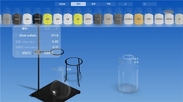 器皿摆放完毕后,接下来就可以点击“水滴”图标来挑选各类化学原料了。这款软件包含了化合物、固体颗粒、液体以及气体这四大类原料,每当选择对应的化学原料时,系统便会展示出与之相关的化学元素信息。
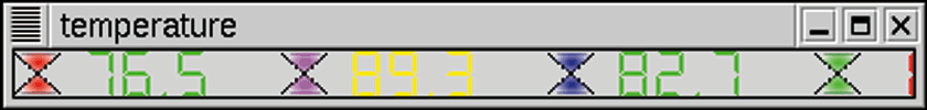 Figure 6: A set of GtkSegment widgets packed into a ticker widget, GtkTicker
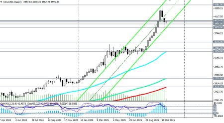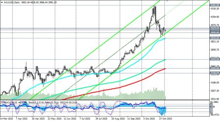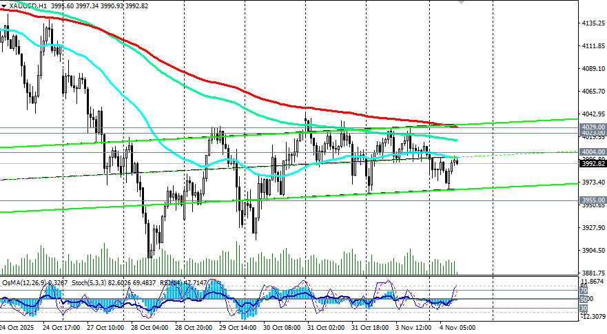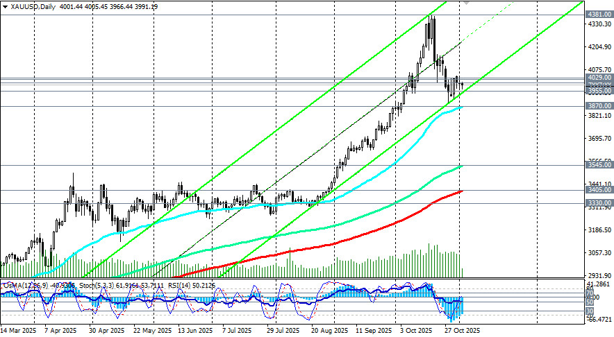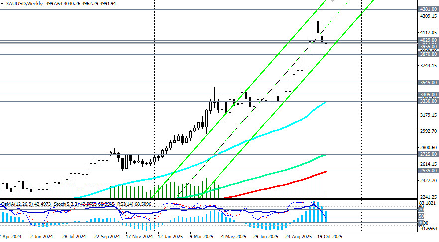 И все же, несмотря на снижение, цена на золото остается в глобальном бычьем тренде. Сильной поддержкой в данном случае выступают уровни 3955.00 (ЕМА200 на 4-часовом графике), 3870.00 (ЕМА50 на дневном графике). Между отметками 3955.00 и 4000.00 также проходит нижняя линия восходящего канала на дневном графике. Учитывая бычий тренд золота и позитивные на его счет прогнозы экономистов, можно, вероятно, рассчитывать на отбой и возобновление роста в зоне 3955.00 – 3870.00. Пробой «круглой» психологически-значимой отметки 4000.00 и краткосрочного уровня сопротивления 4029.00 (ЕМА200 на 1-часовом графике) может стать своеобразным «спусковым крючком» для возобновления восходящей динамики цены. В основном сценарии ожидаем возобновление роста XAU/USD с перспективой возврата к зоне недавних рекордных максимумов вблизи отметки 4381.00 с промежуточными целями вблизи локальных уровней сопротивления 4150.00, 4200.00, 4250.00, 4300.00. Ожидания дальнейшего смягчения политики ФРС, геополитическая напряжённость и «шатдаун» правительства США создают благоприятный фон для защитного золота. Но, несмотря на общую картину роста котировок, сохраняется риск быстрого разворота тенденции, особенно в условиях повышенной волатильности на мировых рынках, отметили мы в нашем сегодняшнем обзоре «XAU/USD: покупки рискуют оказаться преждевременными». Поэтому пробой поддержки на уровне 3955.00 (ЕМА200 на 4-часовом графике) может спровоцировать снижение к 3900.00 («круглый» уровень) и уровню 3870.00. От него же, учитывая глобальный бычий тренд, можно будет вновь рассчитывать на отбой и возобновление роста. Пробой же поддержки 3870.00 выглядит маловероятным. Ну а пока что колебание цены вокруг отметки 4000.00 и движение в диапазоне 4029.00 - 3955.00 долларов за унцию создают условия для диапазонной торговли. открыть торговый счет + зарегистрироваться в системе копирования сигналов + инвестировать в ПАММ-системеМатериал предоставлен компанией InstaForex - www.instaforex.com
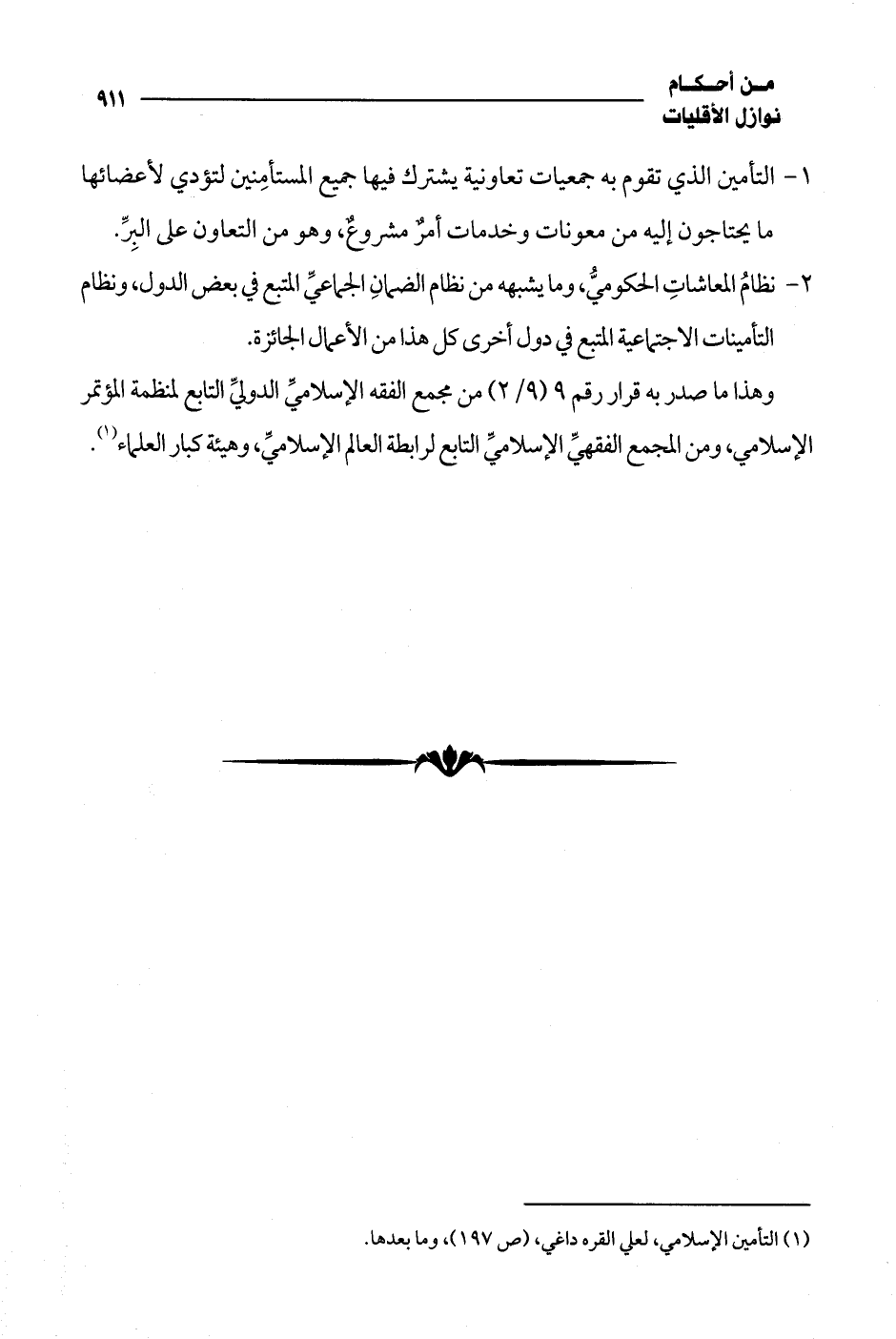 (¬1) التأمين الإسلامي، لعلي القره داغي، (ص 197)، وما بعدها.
::::
Problem ▸ Could you return the whole listing exactly, images excluded?

Response area ▸
 器皿摆放完毕后,接下来就可以点击“水滴”图标来挑选各类化学原料了。这款软件包含了化合物、固体颗粒、液体以及气体这四大类原料,每当选择对应的化学原料时,系统便会展示出与之相关的化学元素信息。
 Figure 6: A set of GtkSegment widgets packed into a ticker widget, GtkTicker
 И все же, несмотря на снижение, цена на золото остается в глобальном бычьем тренде. Сильной поддержкой в данном случае выступают уровни 3955.00 (ЕМА200 на 4-часовом графике), 3870.00 (ЕМА50 на дневном графике). Между отметками 3955.00 и 4000.00 также проходит нижняя линия восходящего канала на дневном графике. Учитывая бычий тренд золота и позитивные на его счет прогнозы экономистов, можно, вероятно, рассчитывать на отбой и возобновление роста в зоне 3955.00 – 3870.00. Пробой «круглой» психологически-значимой отметки 4000.00 и краткосрочного уровня сопротивления 4029.00 (ЕМА200 на 1-часовом графике) может стать своеобразным «спусковым крючком» для возобновления восходящей динамики цены. В основном сценарии ожидаем возобновление роста XAU/USD с перспективой возврата к зоне недавних рекордных максимумов вблизи отметки 4381.00 с промежуточными целями вблизи локальных уровней сопротивления 4150.00, 4200.00, 4250.00, 4300.00. Ожидания дальнейшего смягчения политики ФРС, геополитическая напряжённость и «шатдаун» правительства США создают благоприятный фон для защитного золота. Но, несмотря на общую картину роста котировок, сохраняется риск быстрого разворота тенденции, особенно в условиях повышенной волатильности на мировых рынках, отметили мы в нашем сегодняшнем обзоре «XAU/USD: покупки рискуют оказаться преждевременными». Поэтому пробой поддержки на уровне 3955.00 (ЕМА200 на 4-часовом графике) может спровоцировать снижение к 3900.00 («круглый» уровень) и уровню 3870.00. От него же, учитывая глобальный бычий тренд, можно будет вновь рассчитывать на отбой и возобновление роста. Пробой же поддержки 3870.00 выглядит маловероятным. Ну а пока что колебание цены вокруг отметки 4000.00 и движение в диапазоне 4029.00 - 3955.00 долларов за унцию создают условия для диапазонной торговли. открыть торговый счет + зарегистрироваться в системе копирования сигналов + инвестировать в ПАММ-системеМатериал предоставлен компанией InstaForex - www.instaforex.com
 (¬1) التأمين الإسلامي، لعلي القره داغي، (ص 197)، وما بعدها.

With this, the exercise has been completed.